DC1. How to implement justice in AI for road safety?
Host: TUD & RHDHV
Objectives:
- To investigate the conditions to achieve both safety and justice on the road through AI
- To embed non-discrimination and inclusiveness in the design of AI technologies for road safety
- To disentangle the role of explainability for justice in AI from the user and the regulatory agency and policy-maker perspectives
Explored from a theoretical perspective within the recruitment at TUD and from a practical perspective (operationalisation on existing tools e.g., the Strategic Road Safety Policy tool, the Flowtrack smart traffic lights system) within the recruitment at RHDHV.
Expected results:
- A new theoretical framework to assess justice on the road, through data justice and attention to VRUs
- A set of recommendations for promoting justice by design, e.g., achieving a better inclusivity of vulnerable or excluded groups (e.g., pedestrians, cyclists, LMICs, women, and low-income households)
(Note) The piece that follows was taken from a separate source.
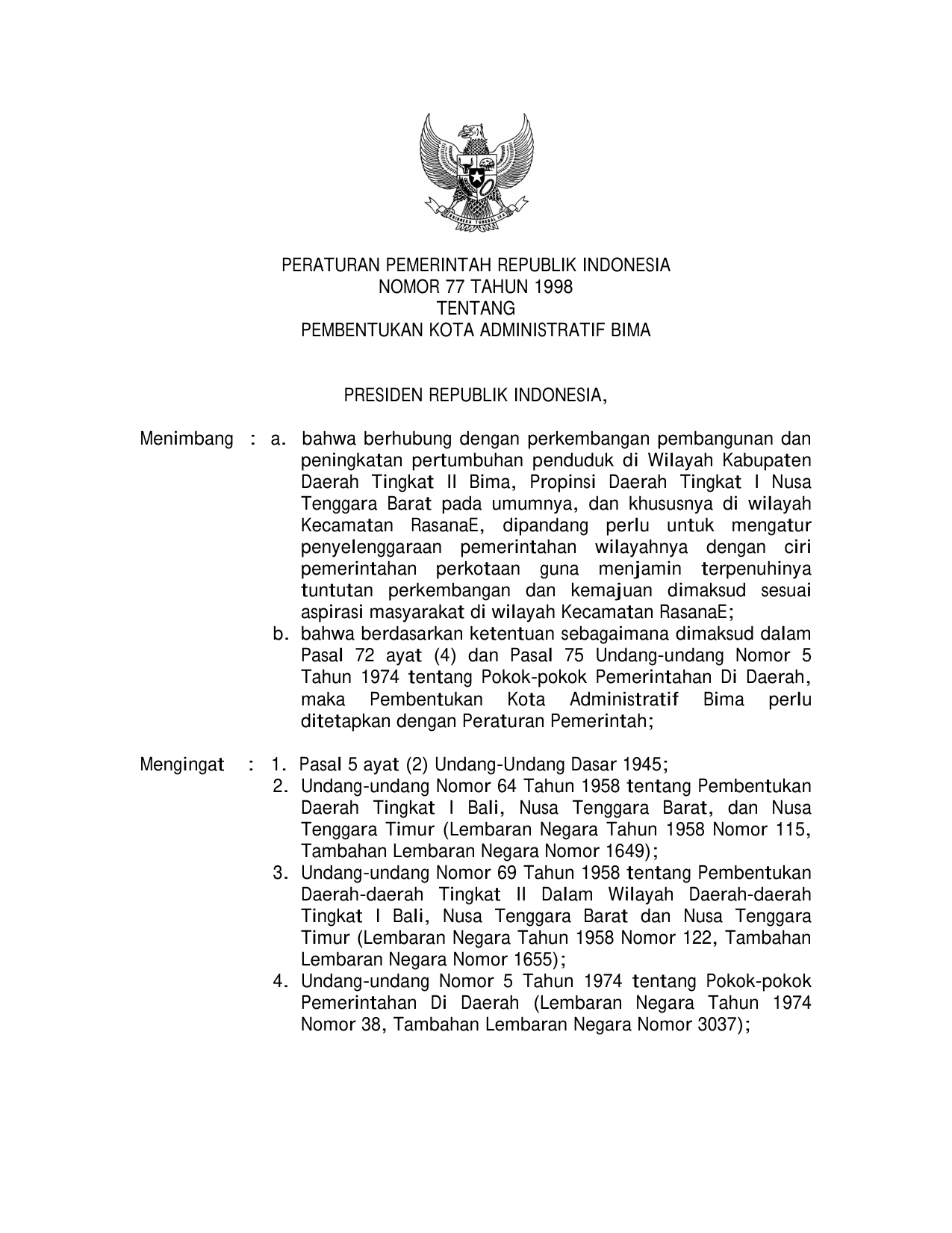 PP Nomor 77 Tahun 1998 | Peraturan Pemerintah Nomor 77 Tahun 1998 tentang PEMBENTUKAN KOTA ADMINISTRATIF BIMA

- A set of guidelines to design fair data protocols (e.g., data protection, user profiling) and algorithms (e.g., explainability, goal-oriented planning) in the operation stage of AI in road safety
Planned secondment(s):
- TNO-NL, Purpose: to explore the existing experience of TNO on goal-oriented planning for ethical and safe AI in autonomous systems on the road and in other domains.
- RHDHV-RSA, Purpose: international exposure and explore ethical issues of AI in a non-European LMIC (Republic of South Africa). Preliminary agreement with the RHDHV-RSA office.